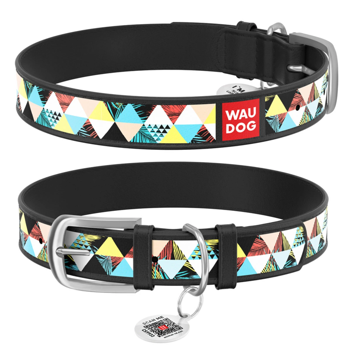 Ошейник WAUDOG Design с рисунком "Пэчворк", премиум кожа, металлическая пряжка (ширина 25 мм, длина 38-49 см), черный
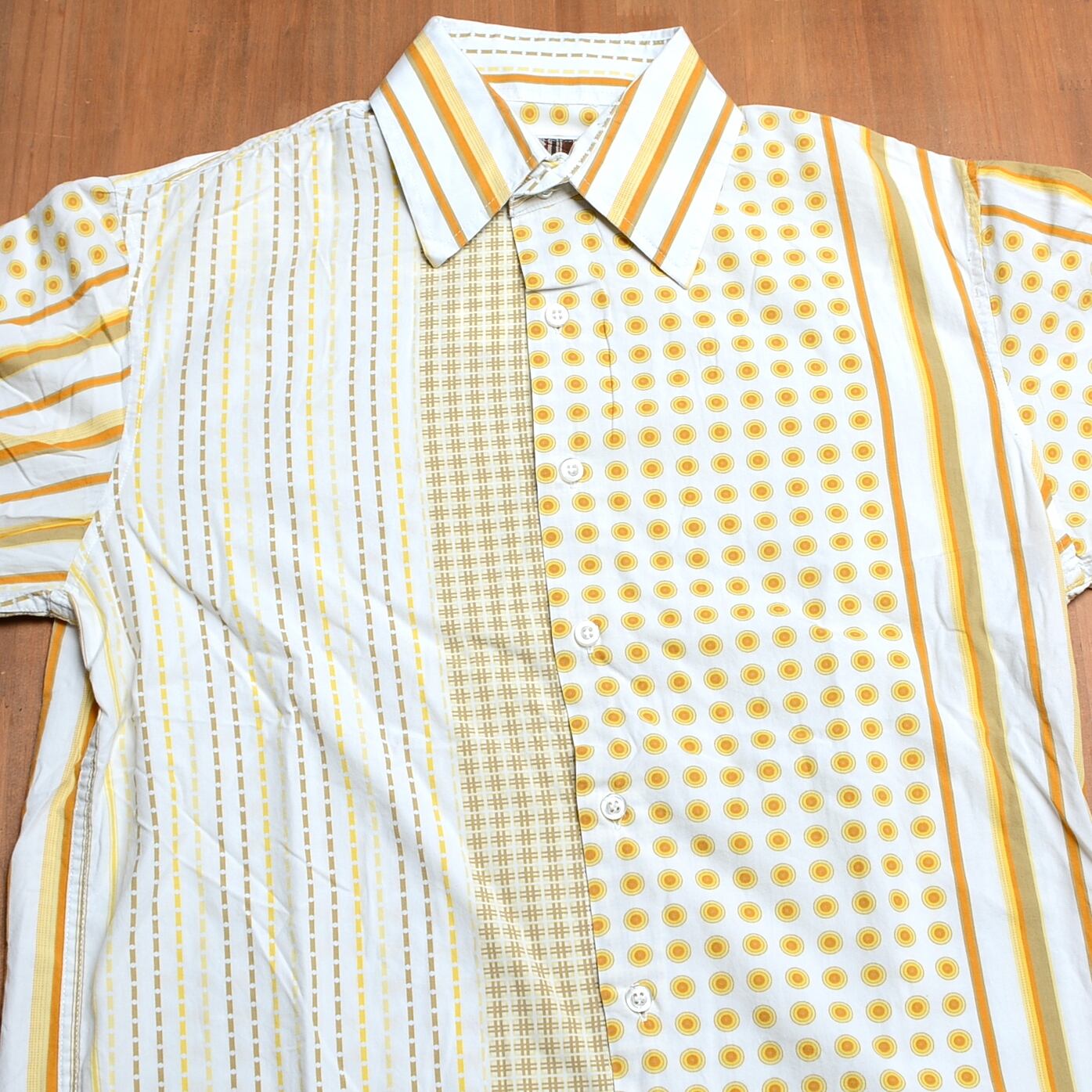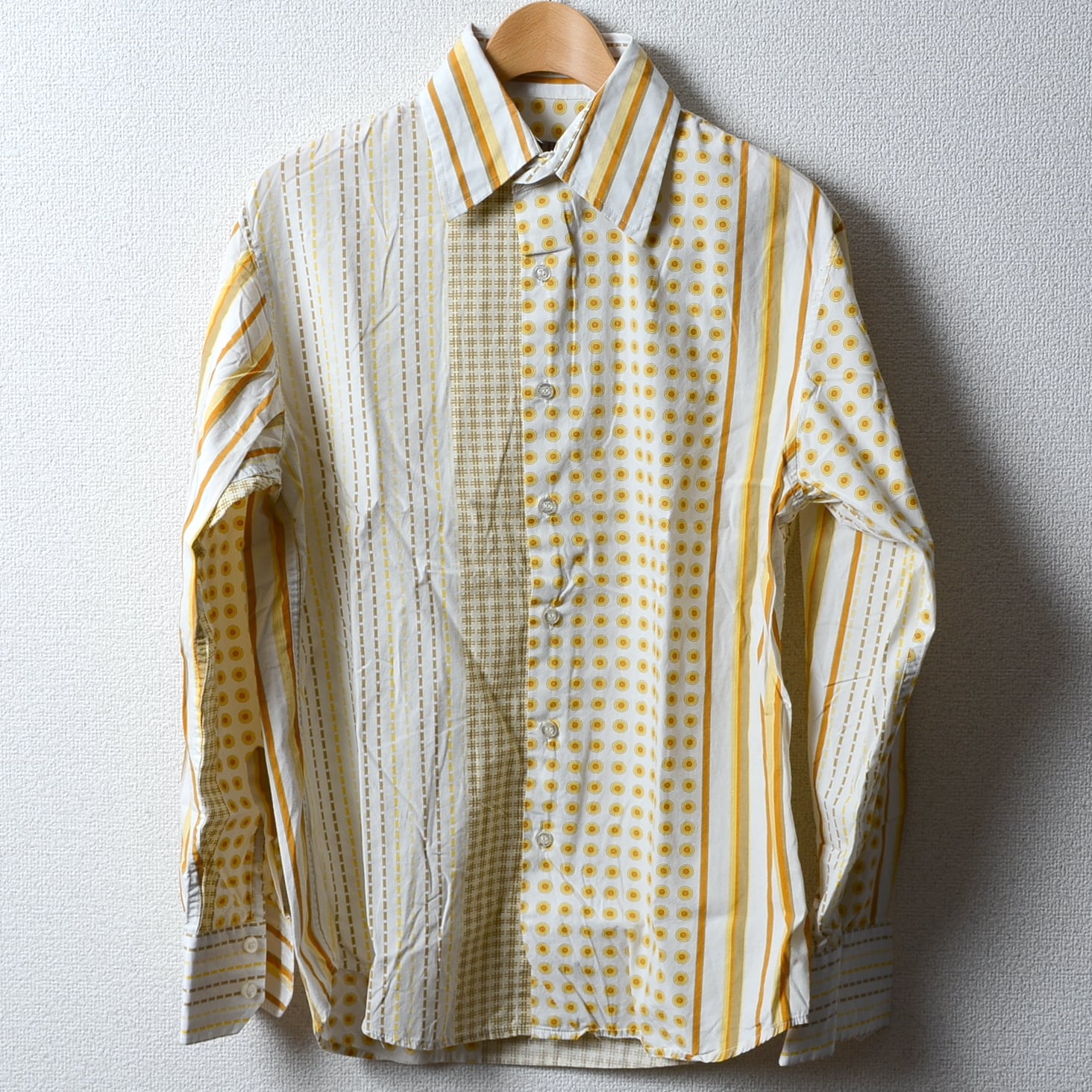 イエロー系のストライプとドットパターンのシャツ、US Mサイズ。
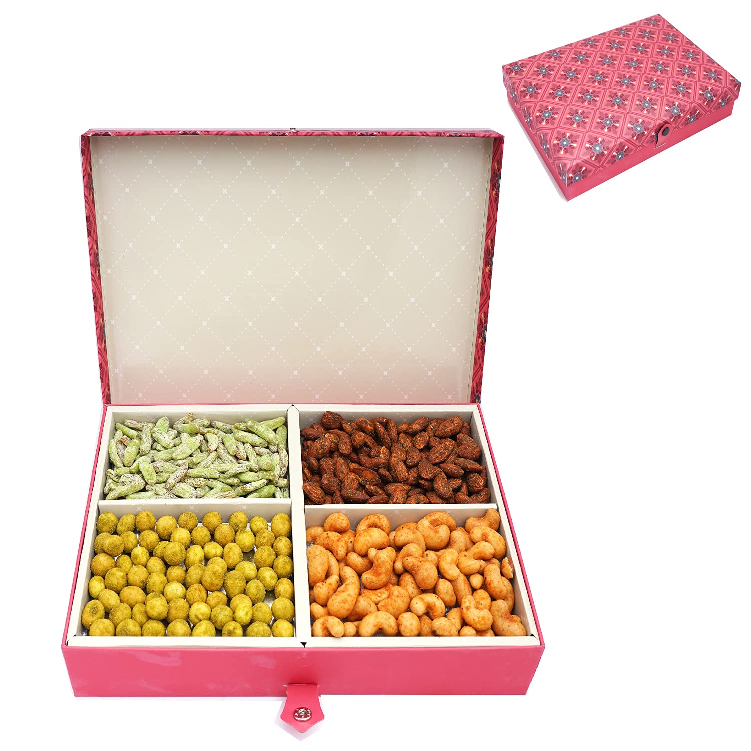Ghasitaram Gifts Diwali Gifts Red 4 Part Flavoured Nuts Box 600 GMS
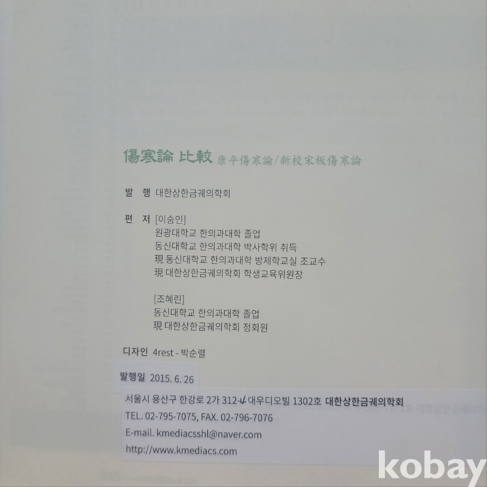 상한론 비교 (傷寒論 比較) : 이숭인 / 대한상한금궤의학회

| WHAT IS BEING ASKED |
All of the data is to be transcribed exactly, with images omitted.

| YOUR SOLUTION |
 Ошейник WAUDOG Design с рисунком "Пэчворк", премиум кожа, металлическая пряжка (ширина 25 мм, длина 38-49 см), черный
 イエロー系のストライプとドットパターンのシャツ、US Mサイズ。
Ghasitaram Gifts Diwali Gifts Red 4 Part Flavoured Nuts Box 600 GMS
 상한론 비교 (傷寒論 比較) : 이숭인 / 대한상한금궤의학회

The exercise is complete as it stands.